=== Working data ===

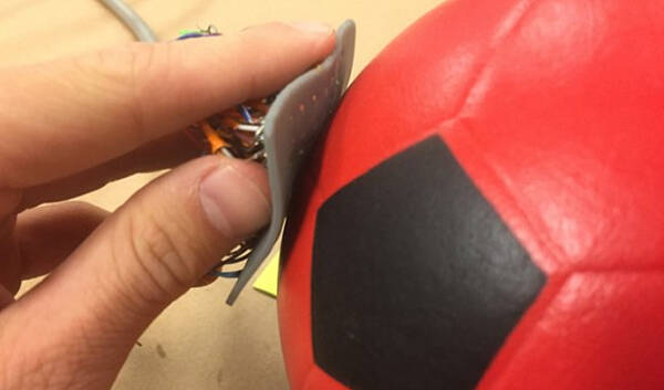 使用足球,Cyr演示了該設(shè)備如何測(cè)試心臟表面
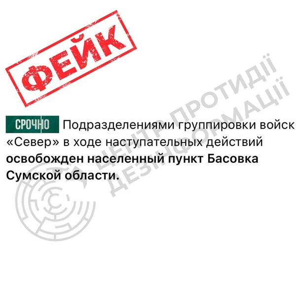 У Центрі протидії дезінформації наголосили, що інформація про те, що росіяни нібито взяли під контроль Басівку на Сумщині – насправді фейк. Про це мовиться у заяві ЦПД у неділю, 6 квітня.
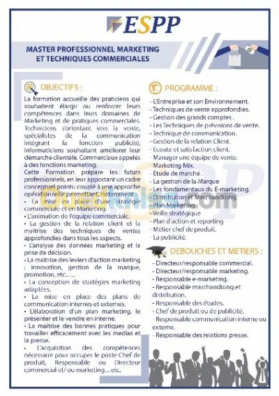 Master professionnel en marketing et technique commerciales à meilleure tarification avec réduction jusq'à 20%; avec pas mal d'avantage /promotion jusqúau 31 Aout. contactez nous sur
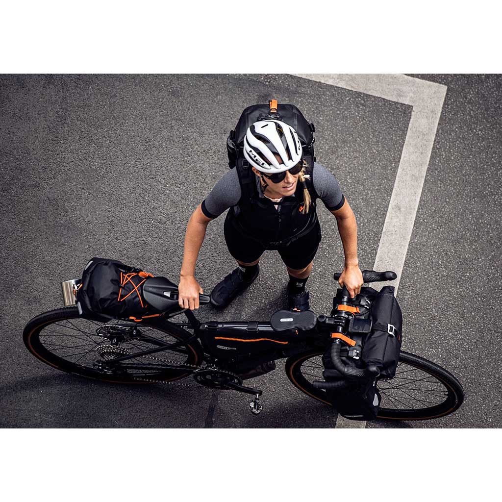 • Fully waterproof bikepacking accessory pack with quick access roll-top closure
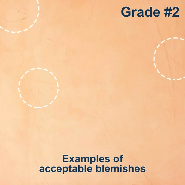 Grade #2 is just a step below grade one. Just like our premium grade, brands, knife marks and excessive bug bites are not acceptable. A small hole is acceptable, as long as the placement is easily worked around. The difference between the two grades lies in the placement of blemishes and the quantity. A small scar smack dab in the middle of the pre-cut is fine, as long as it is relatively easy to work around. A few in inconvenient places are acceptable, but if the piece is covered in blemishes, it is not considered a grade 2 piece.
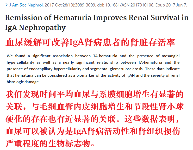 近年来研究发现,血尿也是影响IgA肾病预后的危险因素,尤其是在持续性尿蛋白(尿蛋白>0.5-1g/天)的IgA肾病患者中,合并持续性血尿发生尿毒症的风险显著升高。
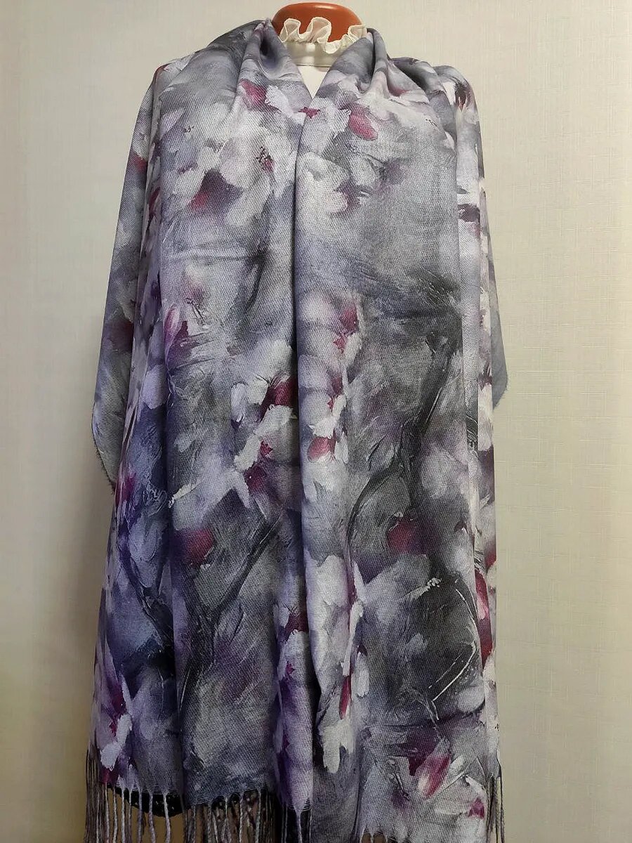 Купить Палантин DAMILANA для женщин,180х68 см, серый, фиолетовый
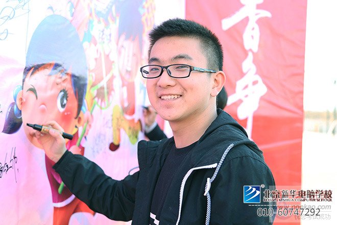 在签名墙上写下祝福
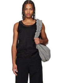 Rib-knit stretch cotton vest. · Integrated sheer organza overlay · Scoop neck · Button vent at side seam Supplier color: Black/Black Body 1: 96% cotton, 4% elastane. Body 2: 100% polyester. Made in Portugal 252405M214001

===

**Work required:** Please print all of the records above exactly, omitting each picture.

**Answer for this exercise:**
 使用足球,Cyr演示了該設(shè)備如何測(cè)試心臟表面
 У Центрі протидії дезінформації наголосили, що інформація про те, що росіяни нібито взяли під контроль Басівку на Сумщині – насправді фейк. Про це мовиться у заяві ЦПД у неділю, 6 квітня.
 Master professionnel en marketing et technique commerciales à meilleure tarification avec réduction jusq'à 20%; avec pas mal d'avantage /promotion jusqúau 31 Aout. contactez nous sur
 • Fully waterproof bikepacking accessory pack with quick access roll-top closure
 Grade #2 is just a step below grade one. Just like our premium grade, brands, knife marks and excessive bug bites are not acceptable. A small hole is acceptable, as long as the placement is easily worked around. The difference between the two grades lies in the placement of blemishes and the quantity. A small scar smack dab in the middle of the pre-cut is fine, as long as it is relatively easy to work around. A few in inconvenient places are acceptable, but if the piece is covered in blemishes, it is not considered a grade 2 piece.
 近年来研究发现,血尿也是影响IgA肾病预后的危险因素,尤其是在持续性尿蛋白(尿蛋白>0.5-1g/天)的IgA肾病患者中,合并持续性血尿发生尿毒症的风险显著升高。
 Купить Палантин DAMILANA для женщин,180х68 см, серый, фиолетовый
 在签名墙上写下祝福
 Rib-knit stretch cotton vest. · Integrated sheer organza overlay · Scoop neck · Button vent at side seam Supplier color: Black/Black Body 1: 96% cotton, 4% elastane. Body 2: 100% polyester. Made in Portugal 252405M214001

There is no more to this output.